* _TASK ITEM_:
Beginning at the line containing "Repeated measures analysis" in the material below and ending at the line containing "カラーシャツ レディーススリムスタイル薄手レッドTシャツ トップス", return each line exactly and add nothing.

* _RECORDED DATA_:

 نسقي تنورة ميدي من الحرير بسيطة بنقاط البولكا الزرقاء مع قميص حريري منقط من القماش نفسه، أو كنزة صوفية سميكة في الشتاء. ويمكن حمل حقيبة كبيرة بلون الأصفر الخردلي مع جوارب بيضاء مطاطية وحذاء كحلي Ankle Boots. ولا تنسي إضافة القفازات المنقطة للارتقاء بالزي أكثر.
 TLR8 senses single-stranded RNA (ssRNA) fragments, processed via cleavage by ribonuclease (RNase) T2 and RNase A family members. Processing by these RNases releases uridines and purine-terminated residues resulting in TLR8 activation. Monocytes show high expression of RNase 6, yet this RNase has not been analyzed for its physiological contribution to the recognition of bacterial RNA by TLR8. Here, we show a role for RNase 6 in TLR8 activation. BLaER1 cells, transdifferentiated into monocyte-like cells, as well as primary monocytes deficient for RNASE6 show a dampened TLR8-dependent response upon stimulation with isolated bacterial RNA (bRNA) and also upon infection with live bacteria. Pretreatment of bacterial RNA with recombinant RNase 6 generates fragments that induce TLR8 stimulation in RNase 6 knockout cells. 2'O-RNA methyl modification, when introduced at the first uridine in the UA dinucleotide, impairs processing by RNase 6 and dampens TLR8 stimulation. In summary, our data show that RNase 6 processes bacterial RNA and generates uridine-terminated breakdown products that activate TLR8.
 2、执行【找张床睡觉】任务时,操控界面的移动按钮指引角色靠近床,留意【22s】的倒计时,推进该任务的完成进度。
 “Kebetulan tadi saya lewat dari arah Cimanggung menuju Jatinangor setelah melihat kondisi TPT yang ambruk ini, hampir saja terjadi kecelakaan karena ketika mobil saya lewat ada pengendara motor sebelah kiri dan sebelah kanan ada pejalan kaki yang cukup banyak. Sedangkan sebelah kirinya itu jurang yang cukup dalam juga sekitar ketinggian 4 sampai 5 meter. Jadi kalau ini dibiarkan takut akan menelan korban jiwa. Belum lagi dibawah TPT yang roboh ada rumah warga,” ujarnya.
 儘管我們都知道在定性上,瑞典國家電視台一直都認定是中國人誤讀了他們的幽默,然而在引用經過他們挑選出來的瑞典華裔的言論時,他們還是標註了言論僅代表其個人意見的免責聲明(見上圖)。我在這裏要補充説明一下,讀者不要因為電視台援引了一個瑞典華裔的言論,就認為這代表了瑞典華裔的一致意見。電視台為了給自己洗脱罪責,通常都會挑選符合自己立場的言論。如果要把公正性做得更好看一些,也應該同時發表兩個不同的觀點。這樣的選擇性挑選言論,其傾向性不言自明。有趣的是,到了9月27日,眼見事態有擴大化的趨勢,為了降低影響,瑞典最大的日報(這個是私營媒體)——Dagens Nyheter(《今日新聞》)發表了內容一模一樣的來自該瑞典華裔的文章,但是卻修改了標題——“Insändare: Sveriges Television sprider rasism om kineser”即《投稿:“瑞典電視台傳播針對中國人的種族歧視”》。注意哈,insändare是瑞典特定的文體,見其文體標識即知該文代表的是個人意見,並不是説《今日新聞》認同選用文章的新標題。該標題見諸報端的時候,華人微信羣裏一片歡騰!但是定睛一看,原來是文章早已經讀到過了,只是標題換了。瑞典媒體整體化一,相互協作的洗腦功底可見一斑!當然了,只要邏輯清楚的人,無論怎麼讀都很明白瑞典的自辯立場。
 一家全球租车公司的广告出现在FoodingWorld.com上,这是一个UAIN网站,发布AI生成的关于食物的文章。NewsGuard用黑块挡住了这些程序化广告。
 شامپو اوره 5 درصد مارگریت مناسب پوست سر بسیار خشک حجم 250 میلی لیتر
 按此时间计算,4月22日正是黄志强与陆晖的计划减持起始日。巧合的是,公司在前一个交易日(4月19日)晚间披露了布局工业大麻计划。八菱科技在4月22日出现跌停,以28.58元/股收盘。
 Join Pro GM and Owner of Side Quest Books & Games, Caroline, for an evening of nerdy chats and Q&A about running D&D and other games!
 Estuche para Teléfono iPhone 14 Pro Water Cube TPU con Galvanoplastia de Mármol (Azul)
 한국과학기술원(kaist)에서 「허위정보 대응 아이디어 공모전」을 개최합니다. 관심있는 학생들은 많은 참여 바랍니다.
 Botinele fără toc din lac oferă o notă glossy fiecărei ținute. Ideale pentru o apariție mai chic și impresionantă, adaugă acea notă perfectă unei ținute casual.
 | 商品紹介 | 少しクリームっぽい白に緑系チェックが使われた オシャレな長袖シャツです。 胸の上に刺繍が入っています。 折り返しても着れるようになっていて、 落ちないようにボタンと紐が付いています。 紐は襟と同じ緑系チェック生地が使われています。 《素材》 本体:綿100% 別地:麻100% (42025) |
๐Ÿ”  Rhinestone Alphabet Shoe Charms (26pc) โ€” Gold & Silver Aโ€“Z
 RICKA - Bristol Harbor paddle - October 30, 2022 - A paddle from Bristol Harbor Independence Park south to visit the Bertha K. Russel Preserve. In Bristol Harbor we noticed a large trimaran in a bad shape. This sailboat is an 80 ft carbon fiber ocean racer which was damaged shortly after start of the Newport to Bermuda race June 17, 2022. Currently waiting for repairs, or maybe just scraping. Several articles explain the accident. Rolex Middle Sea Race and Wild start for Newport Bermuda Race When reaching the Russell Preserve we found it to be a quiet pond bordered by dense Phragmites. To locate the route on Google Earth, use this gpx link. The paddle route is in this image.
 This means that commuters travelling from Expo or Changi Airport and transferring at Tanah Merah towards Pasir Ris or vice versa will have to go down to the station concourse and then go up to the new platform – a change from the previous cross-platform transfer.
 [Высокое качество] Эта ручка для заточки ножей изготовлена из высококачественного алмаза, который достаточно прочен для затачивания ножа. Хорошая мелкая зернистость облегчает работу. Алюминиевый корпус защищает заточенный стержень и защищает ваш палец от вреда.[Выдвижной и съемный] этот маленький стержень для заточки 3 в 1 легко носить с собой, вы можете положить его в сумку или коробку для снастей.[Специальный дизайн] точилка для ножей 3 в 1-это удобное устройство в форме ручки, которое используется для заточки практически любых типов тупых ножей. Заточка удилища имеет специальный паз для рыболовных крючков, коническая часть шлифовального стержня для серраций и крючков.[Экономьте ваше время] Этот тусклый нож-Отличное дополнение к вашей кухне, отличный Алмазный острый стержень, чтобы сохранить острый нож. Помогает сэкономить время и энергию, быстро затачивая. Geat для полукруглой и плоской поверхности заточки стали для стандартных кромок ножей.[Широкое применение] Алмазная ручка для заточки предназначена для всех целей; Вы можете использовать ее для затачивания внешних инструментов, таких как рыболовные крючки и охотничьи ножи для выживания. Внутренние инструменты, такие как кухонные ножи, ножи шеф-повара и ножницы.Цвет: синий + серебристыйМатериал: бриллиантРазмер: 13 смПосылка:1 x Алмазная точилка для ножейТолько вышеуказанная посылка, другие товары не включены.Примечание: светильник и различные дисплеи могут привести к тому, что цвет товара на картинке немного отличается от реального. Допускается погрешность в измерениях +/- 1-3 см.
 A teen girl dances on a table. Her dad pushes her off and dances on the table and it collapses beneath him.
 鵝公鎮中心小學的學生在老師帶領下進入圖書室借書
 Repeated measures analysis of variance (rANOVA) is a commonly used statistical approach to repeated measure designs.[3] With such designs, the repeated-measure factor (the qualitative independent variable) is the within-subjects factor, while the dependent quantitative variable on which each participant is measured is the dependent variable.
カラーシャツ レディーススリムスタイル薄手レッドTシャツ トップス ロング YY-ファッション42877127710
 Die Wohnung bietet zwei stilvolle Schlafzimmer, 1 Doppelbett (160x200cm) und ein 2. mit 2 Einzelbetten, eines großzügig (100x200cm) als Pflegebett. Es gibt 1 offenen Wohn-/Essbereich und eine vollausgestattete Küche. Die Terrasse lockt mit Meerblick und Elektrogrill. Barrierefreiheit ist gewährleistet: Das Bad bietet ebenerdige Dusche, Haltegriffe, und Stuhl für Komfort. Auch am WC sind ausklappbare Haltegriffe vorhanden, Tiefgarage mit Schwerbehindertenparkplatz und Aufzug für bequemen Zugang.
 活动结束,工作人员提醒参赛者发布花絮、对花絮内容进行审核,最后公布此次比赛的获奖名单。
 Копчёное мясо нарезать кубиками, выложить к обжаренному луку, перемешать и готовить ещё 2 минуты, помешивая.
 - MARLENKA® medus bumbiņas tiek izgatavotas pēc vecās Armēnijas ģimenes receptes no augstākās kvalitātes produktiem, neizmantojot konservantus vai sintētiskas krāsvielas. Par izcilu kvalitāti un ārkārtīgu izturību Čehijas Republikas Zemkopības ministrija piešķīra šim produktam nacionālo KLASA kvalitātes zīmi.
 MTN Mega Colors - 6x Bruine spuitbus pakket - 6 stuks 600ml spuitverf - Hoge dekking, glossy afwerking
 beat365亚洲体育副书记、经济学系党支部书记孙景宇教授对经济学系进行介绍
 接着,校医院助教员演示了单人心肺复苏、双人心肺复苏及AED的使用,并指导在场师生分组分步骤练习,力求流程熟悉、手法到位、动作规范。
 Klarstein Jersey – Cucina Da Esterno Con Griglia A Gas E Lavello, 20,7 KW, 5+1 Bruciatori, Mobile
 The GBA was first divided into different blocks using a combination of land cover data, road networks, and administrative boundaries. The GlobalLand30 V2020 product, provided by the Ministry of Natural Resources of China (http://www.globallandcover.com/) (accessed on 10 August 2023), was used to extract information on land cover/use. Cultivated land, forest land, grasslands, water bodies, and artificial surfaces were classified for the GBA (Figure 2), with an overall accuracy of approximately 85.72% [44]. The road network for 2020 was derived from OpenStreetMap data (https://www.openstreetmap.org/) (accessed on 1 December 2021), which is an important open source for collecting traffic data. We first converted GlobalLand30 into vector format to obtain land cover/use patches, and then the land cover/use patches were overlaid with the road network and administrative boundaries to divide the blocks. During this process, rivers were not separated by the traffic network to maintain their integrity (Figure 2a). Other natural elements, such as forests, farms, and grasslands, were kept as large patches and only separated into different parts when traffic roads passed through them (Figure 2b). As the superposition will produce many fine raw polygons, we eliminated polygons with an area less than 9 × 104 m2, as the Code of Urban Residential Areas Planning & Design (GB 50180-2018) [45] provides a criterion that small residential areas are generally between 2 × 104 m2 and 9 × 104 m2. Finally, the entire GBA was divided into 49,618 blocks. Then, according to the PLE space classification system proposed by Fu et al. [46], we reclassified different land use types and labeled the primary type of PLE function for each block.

* _OUTPUT OF THE TASK_:
 Repeated measures analysis of variance (rANOVA) is a commonly used statistical approach to repeated measure designs.[3] With such designs, the repeated-measure factor (the qualitative independent variable) is the within-subjects factor, while the dependent quantitative variable on which each participant is measured is the dependent variable.
カラーシャツ レディーススリムスタイル薄手レッドTシャツ トップス ロング YY-ファッション42877127710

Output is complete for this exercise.